Ночью, когда весь дом погружался в глубокий сон, я лежала без сна на мягкой постели и при тусклом свете ночника старалась распутать узел предначертаний судьбы. Лишь когда серый рассвет касался моего побледневшего от бессонницы лица, я прижимала к горящему лбу тяжелые косы, холодные и влажные от слез, и засыпала в этом терновом венце.
Я знала, что такое семья, и понимала святость супружества, которое составляет основу общественного благополучия и счастья отдельной личности. Я не была легкомысленной женщиной, бросающейся в вихрь приключений из-за праздности, капризов или чувственности. Бороться было тяжело; вперед идти страшно и отступать страшно. Всюду подстерегали меня страдание, тревога и беспокойство.
Так прошло несколько месяцев. Но как-то, пережив страшное потрясение, которое я испытывала всякий раз, когда Альфред приближался ко мне, после бессонной ночи, я решилась. В зеркале отразилось мое лицо: оно было бледно, под глазами чернели круги — следы внутренних бурь, но в них светились твердость и непоколебимость.
Я села к столу и дрожащей от слабости рукой усилием воли заставила себя написать:
«Генрик! Я сегодня уезжаю из Ружанны. Возвращайся скорей, мне необходима твоя поддержка. Ты найдешь меня в Милой».
Через несколько дней я была в Милой.
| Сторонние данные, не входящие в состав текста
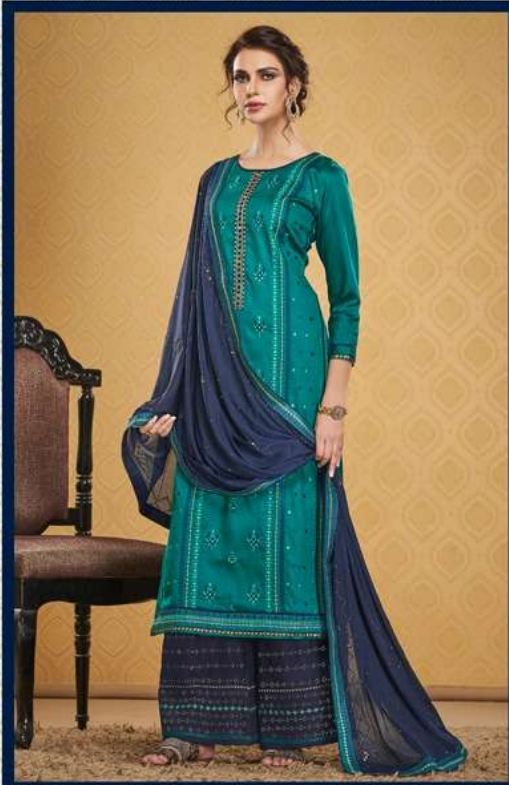
CAST A REGAL SPELL OF TRADITION. D.NO.10173

Расстались мы с Альфредом спокойно, без бурных сцен и слез. Когда я сообщила ему о своем решении, он удивился и расстроился ровно настолько, насколько вообще был способен на подобные чувства. Уже спустя четверть часа он был спокоен, учтив и галантен. Когда же я сказала: «Мы провели вместе почти три года и пережили немало прекрасных мгновений, так не будем же друг на друга сердиться и расстанемся друзьями», — он поцеловал мне руку и попросил взять на память о нем красавицу Стрелку, на которой я так любила ездить верхом. Я поблагодарила и отдала ему привезенный Генриком из Парижа серебряный письменный прибор, шедевр ювелирного искусства.
Пока слуги готовили все к моему отъезду, мы сели рядом на кушетку и завели ничего не значащий разговор. Легкость, с какой Альфред согласился с моим решением, была продиктована не его благородством и не убеждениями, а безразличием и отвращением ко всякой борьбе и потрясениям. И все же я была ему благодарна за это, а от сознания, что не буду больше его женой, моя неприязнь к нему исчезла, и он даже стал мне дорог, как человек, с которым связаны и приятные воспоминания.